In de eerste brief van K.H. aan A.O. Hume, gedateerd 1 november 1880, wijst de Meester erop hoe enorm moeilijk het is om zelfs de elementaire beginselen van de occulte wetenschap aan de moderne mens over te brengen. De moeilijkheid is gelegen in het feit dat 'een mens alleen kan denken langs uitgesleten groeven, en tenzij hij de moed heeft deze op te vullen en voor zichzelf nieuwe te maken, hij noodgedwongen de oude lijnen moet volgen...als gevolg van het hoogste gebruik van het intellect in het wetenschappelijk actieve brein, ontwikkelt zich een gesublimeerde vorm van geestelijke energie, die in de kosmische activiteit onbegrensde gevolgen teweegbrengt, terwijl het automatisch werkende brein slechts een zeker kwantum grove kracht in zichzelf vasthoudt en opslaat, die voor het individu of de mensheid geen nut oplevert. Het menselijk brein is een onuitputtelijke generator van de meest verfijnde kosmische kracht, uit de lage, grove energie van de natuur (GC, blz. 33)...iedere gedachte van de mens, na te zijn ontwikkeld, gaat over in de innerlijke wereld en wordt een actieve entiteit door zich te verbinden - verenigen, zouden we het kunnen noemen - met een elementaal, dat wil zeggen met een van de half-intelligente krachten van de natuurrijken. Zij blijft bestaan als een actieve intelligentie, een schepsel dat door het denken is verwekt, gedurende een langere of kortere periode, evenredig aan de oorspronkelijke intensiteit van de hersenactiviteit die haar heeft voortgebracht. Derhalve blijft een goede gedachte bestaan als een actieve weldadige kracht; een kwade gedachte als een boosaardige demon. En zo bevolkt de mens voortdurend zijn stroom in de ruimte met een wereld van hemzelf, vol van het kroost van zijn fantasieën, verlangens, impulsen en hartstochten, een stroom die inwerkt op ieder gevoels- en/of zenuw-organisme dat ermee in aanraking komt, en evenredig is aan zijn dynamische intensiteit. De Boeddhist noemt dit zijn "Skandha", de Hindoe geeft er de naam "Karma" aan; de Adept ontwikkelt deze vormen bewust, andere mensen werpen ze onbewust af.' (GC, blz. 35)

Theosofie, zo wordt gesteld in de Geheime Leer, is de synthese van wetenschap, filosofie en religie.
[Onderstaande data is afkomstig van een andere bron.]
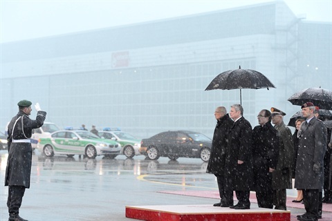 Il Presidente della Repubblica Giorgio Napolitano al suo arrivo a Monaco di Baviera è accolto dal Presidente della Repubblica Federale di Germania, Joachim Gauck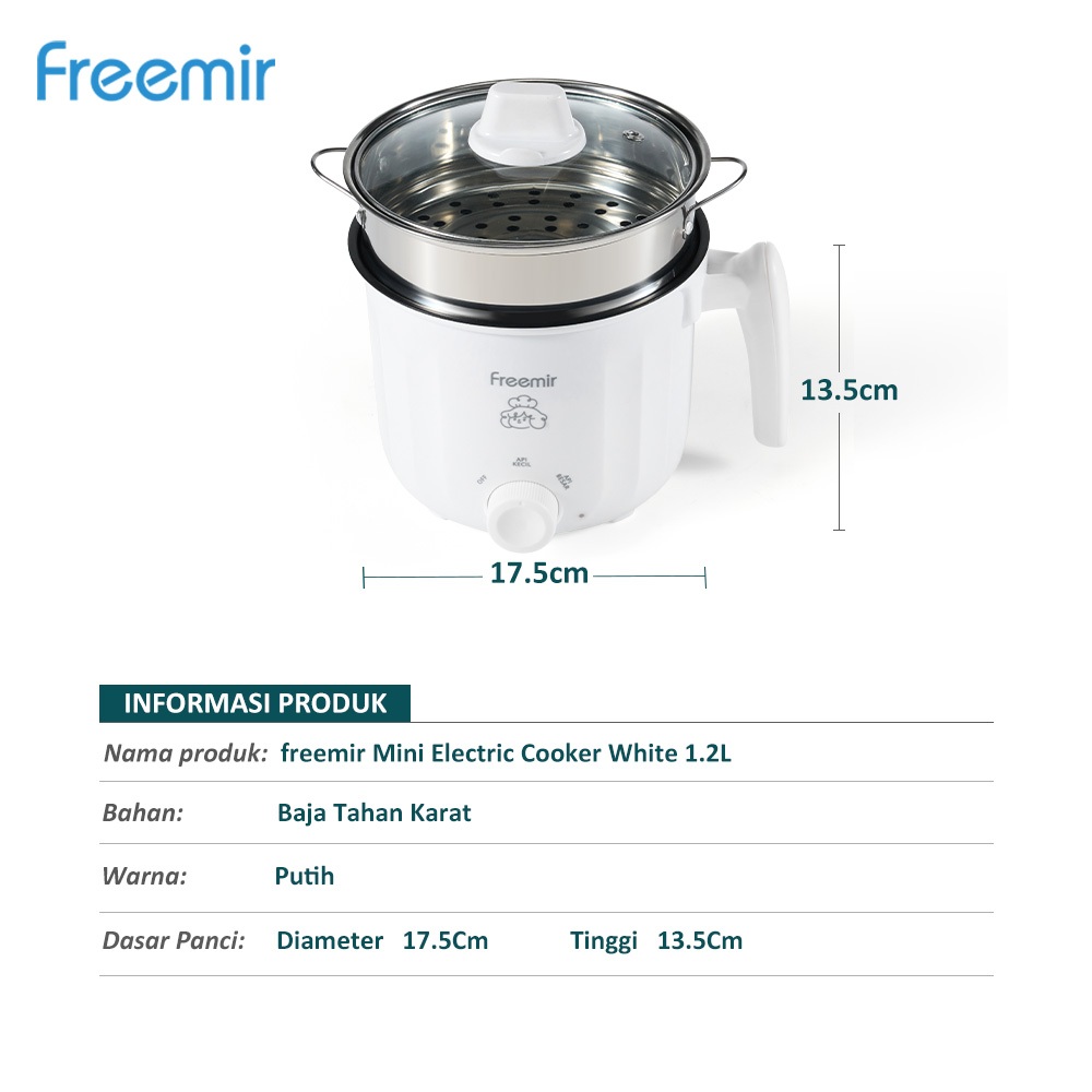 [DEALS] freemir electric Panci Kukusan Listrik Multifungsi Multicooker Low Watt Stainless Steel Anti Karat 1.2 Liter 17C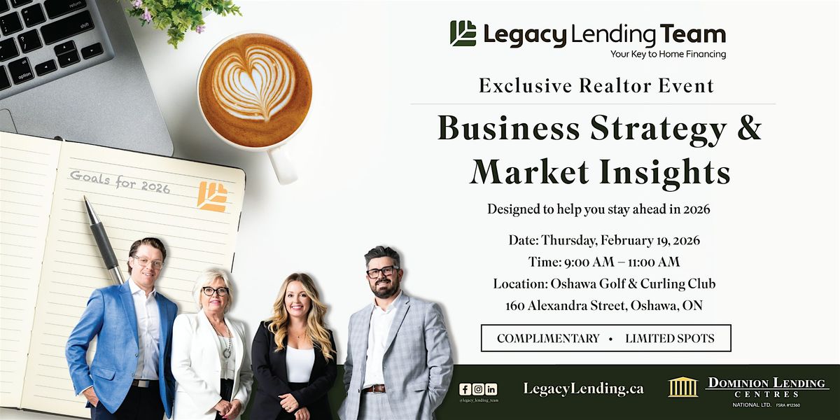The Legacy Lending Team is pleased to invite you to a complimentary Realtor Event focused on Business Strategy and Local Market Insights—designed to help you sharpen your approach and stay ahead in 2026.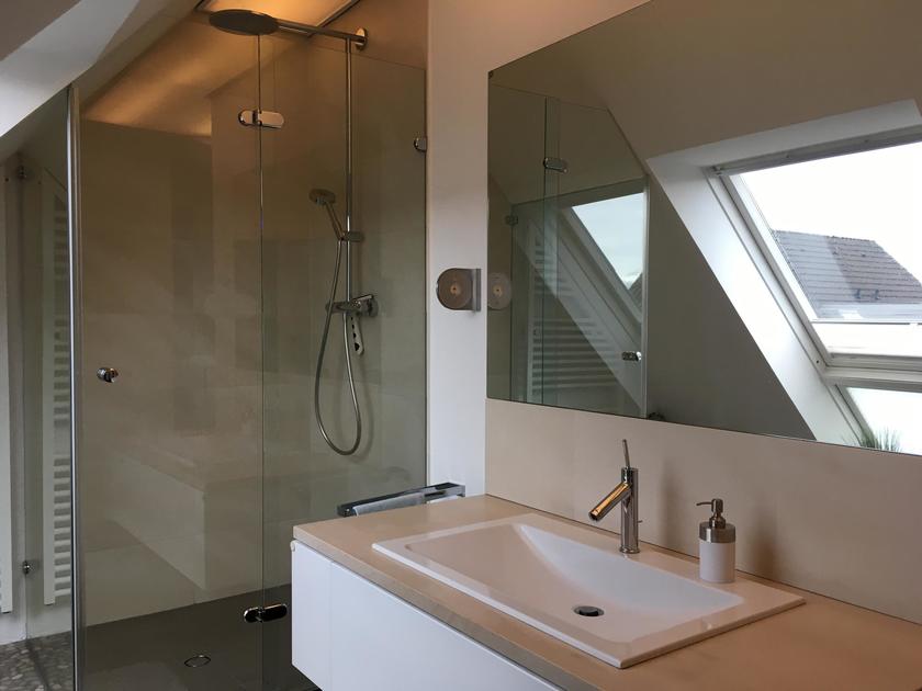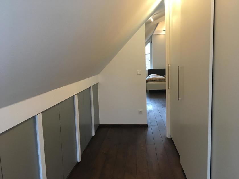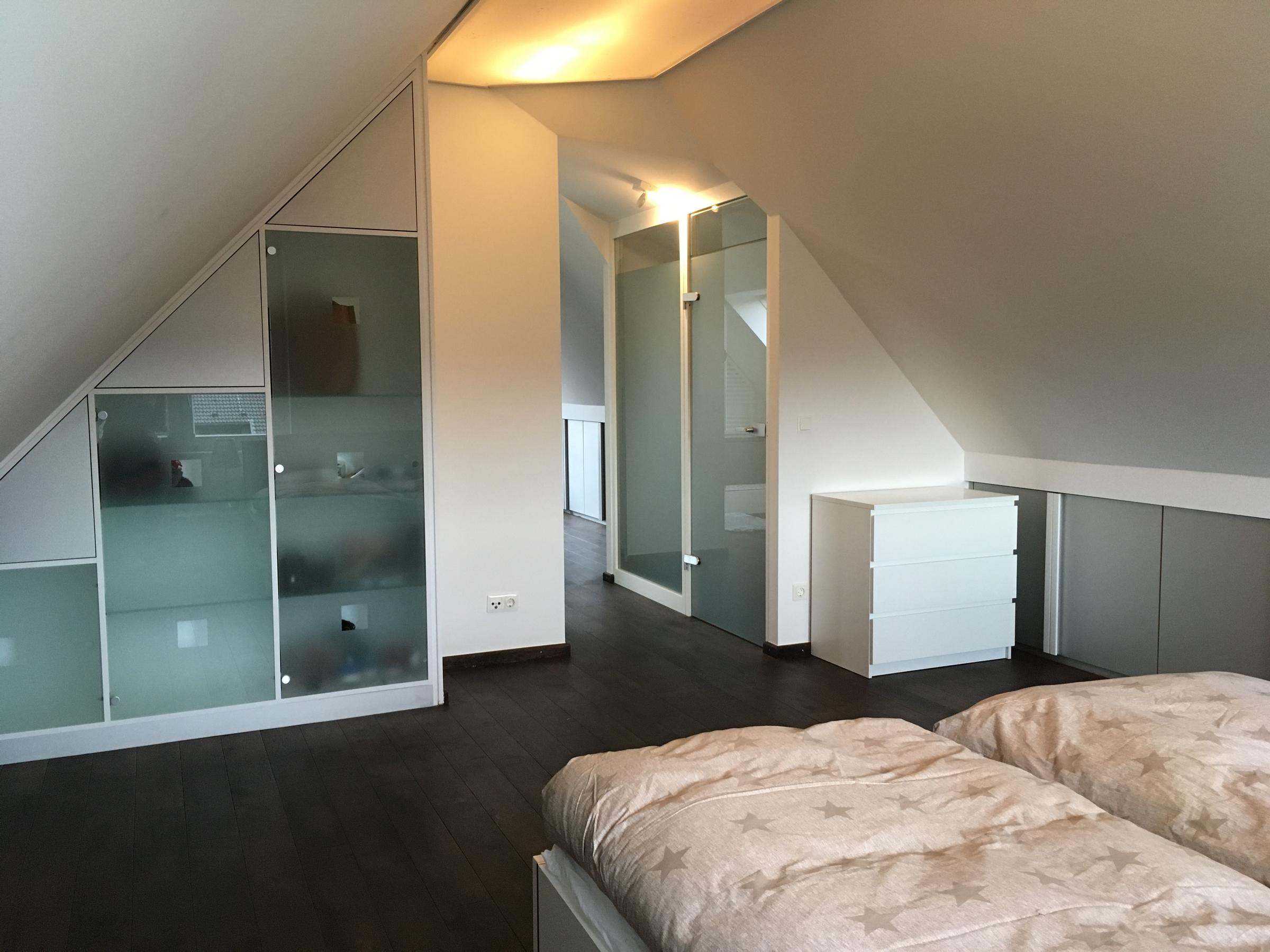 Im exklusiv ausgebauten Dachgeschoss befindet ein großzügiger Schlafbereich zur Gartenseite, der auch zur Maske und Garderobe verwendet werden kann. Hier gibt es auch einen Ankleidebereich mit Einbauschränken, die als Stauraum für die Garderobe benutzt werden kann. Das Dachgeschoss bietet auch ein modernes offenes Bad (Dusche) mit separatem WC. Der Garten ist abwechslungsreich bepflanzt und im Sommer sehr farbenreich. Falls gewünscht können auch Möbelstücke entfernt werden.

Het is in dit verband interessant te lezen dat Meester K.H. 'Wetenschap alléén van belang acht voor zover zij mogelijkheden tot morele resultaten meebrengt en nut voor de mensheid heeft.' (GC, blz. 34) Theosofie, zo stelt hij, 'kan...het materiaal...leveren voor een universele godsdienstige wijsbegeerte die bestand is tegen wetenschappelijke aanvallen, omdat zij zelf het laatste woord is van de absolute wetenschap; en een godsdienst die deze naam waardig is, omdat hij zich bezighoudt met de betrekkingen tussen de stoffelijke en de psychische mens, en tussen deze beide en alles wat er boven of beneden is...Haar voornaamste doel is het uitroeien van de voornaamste vormen van bijgeloof en scepticisme, en uit lang verzegeld gebleven bronnen het bewijs te putten dat de mens zijn eigen toekomstig lot kan vormen en met zekerheid kan weten dat hij hierna kan voortleven, indien hij dit slechts wil; dat alle "verschijnselen" slechts manifestaties van natuurwetten zijn en het de plicht is van ieder intelligent wezen te proberen deze te begrijpen.' (GC, blz. 40)

Laten we nu eens kijken wat het standpunt van de Chohan ten aanzien van de T.S. is.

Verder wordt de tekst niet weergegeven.